Brytyjskie służby specjalne koordynowały negocjacje, które miały się odbywać na dwa tygodnie przed szczytem NATO (28-29 czerwca) w Stambule - precyzuje dziennik.
"Są to czyste spekulacje" - skomentował rewelacje gazety Julian Brightwhite, rzecznik prasowy wysokiego przedstawiciela wspólnoty międzynarodowej w Bośni Paddy'ego Ashdowna.
Rzecznik prasowy sił stabilizacyjnych w Bośni Mark Hope zaprzeczył, aby SFOR był zaangażowany w mediację. "Jeśli ktokolwiek inny to robił, nic o tym nie wiemy" - dodał.
Według gazety, ówczesny przewodniczący parlamentu Republiki Serbskiej (w Bośni) Dragan Kalinić miał odegrać rolę pośrednika w negocjacjach. Wspólnota międzynarodowa miała mu w rewanżu obiecać możliwość prowadzenia bez przeszkód działalności politycznej.

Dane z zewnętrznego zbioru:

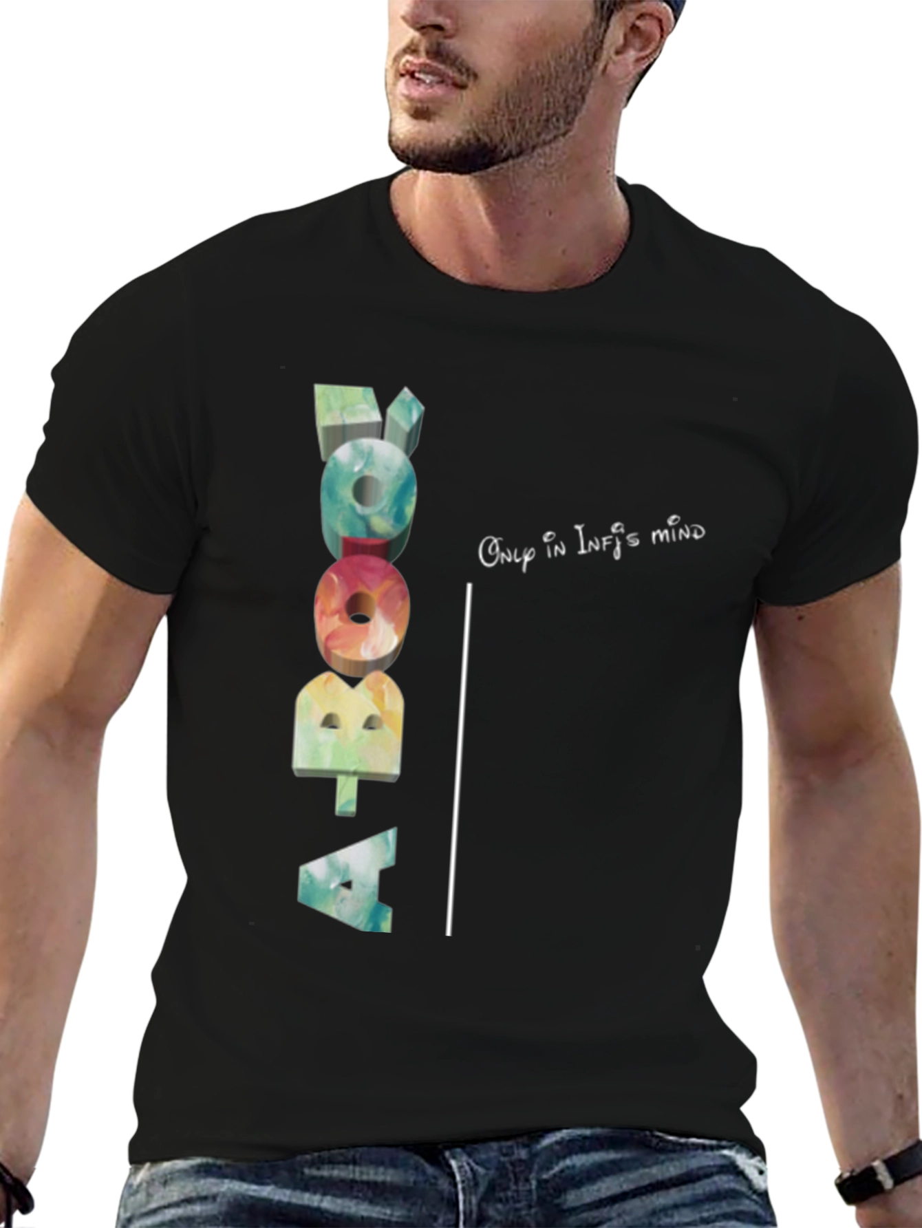 Show off your unique style with this black graphic t-shirt. This tee features a vertically stacked, abstract 'YOBOTA' design on the front, rendered in a colorful, watercolor-like pattern. Alongside is written 'Only in Infj's Mind' The design adds a touch of artistic flair to your casual wardrobe. Made from a comfortable-looking material, this t-shirt is perfect for everyday wear. Pair it with jeans or shorts for a relaxed, effortlessly cool look. This tee is a must-have for anyone looking to express their individuality.

Nazajutrz po szczycie w Stambule Kalinić, oskarżony o pomaganie Karadżiciowi w uniknięciu postawienia przed międzynarodowym wymiarem sprawiedliwości, został zwolniony przez Ashdowna z funkcji przewodniczącego parlamentu. Wraz z nim zwolniono 60 urzędników, w tym ministra spraw wewnętrznych Zorana Djericia.
"Dnevni Avaz" potwierdza, że Karadżić i Mladić ukrywają się w Bośni.
W ostatnich dniach SFOR nasilił operacje w rejonie granicznym między Bośnią a Serbią, jednak oficjalnie nie łączył ich z poszukiwaniami Karadżicia i Mladicia.
Karadżić w latach 1992-1996 był "prezydentem" Republiki Serbskiej w Bośni. Zarzuca mu się m.in. organizowanie obozów koncentracyjnych dla bośniackich Chorwatów i Muzułmanów, bombardowanie Sarajewa oraz odpowiedzialność za zbrodnie w Srebrenicy, gdzie Serbowie wymordowali 7,5 tys. Muzułmanów. Od 1996 r. pozostaje w ukryciu, podobno we wschodniej Bośni, korzystając z pomocy setek osób.
SFOR i międzynarodowy "gubernator" Bośni Paddy Ashdown od półtora roku zaciskają pętlę wokół Karadżicia. Ashdown zamroził w lipcu ubiegłego roku konta bankowe jego rodziny: brata, żony, dwojga ich dzieci oraz dziesięciu innych osób, które pomagały mu uniknąć aresztowania. Wcześniej żona i syn Karadżicia znaleźli się na czarnej liście 14 osób z Bośni, które z tego samego powodu Unia Europejska objęła zakazem wjazdu na swe terytorium.
W kwietniu Ashdown polecił zamrozić wszelkie płatności dla założonej przez Karadżicia Serbskiej Partii Demokratycznej, zarzucając jej, że nie chce współpracować z trybunałem w Hadze.